### Task to carry out
Beginning at the line that contains "We are also" and finishing at the line that contains "Weich-Reflektor in Form", output the data below exactly. Include both end lines and no pictures.

Top of Available data

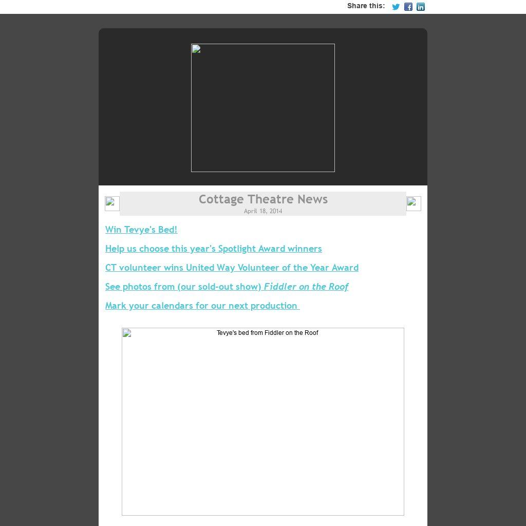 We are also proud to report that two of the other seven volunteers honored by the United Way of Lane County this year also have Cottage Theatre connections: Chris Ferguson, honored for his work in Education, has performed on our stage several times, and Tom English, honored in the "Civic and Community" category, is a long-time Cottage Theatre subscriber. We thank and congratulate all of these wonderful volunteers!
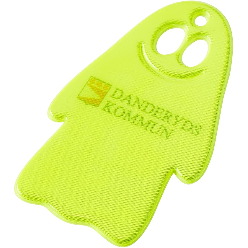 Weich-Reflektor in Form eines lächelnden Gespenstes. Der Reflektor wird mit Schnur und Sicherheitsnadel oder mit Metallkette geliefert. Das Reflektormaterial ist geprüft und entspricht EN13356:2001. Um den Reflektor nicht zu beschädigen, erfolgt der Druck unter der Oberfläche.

Bottom of Available data
Top of Available data

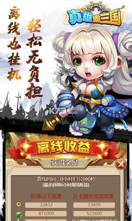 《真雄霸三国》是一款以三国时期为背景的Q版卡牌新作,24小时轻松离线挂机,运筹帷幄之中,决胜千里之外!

Bottom of Available data

### Output for this exercise
 We are also proud to report that two of the other seven volunteers honored by the United Way of Lane County this year also have Cottage Theatre connections: Chris Ferguson, honored for his work in Education, has performed on our stage several times, and Tom English, honored in the "Civic and Community" category, is a long-time Cottage Theatre subscriber. We thank and congratulate all of these wonderful volunteers!
 Weich-Reflektor in Form eines lächelnden Gespenstes. Der Reflektor wird mit Schnur und Sicherheitsnadel oder mit Metallkette geliefert. Das Reflektormaterial ist geprüft und entspricht EN13356:2001. Um den Reflektor nicht zu beschädigen, erfolgt der Druck unter der Oberfläche.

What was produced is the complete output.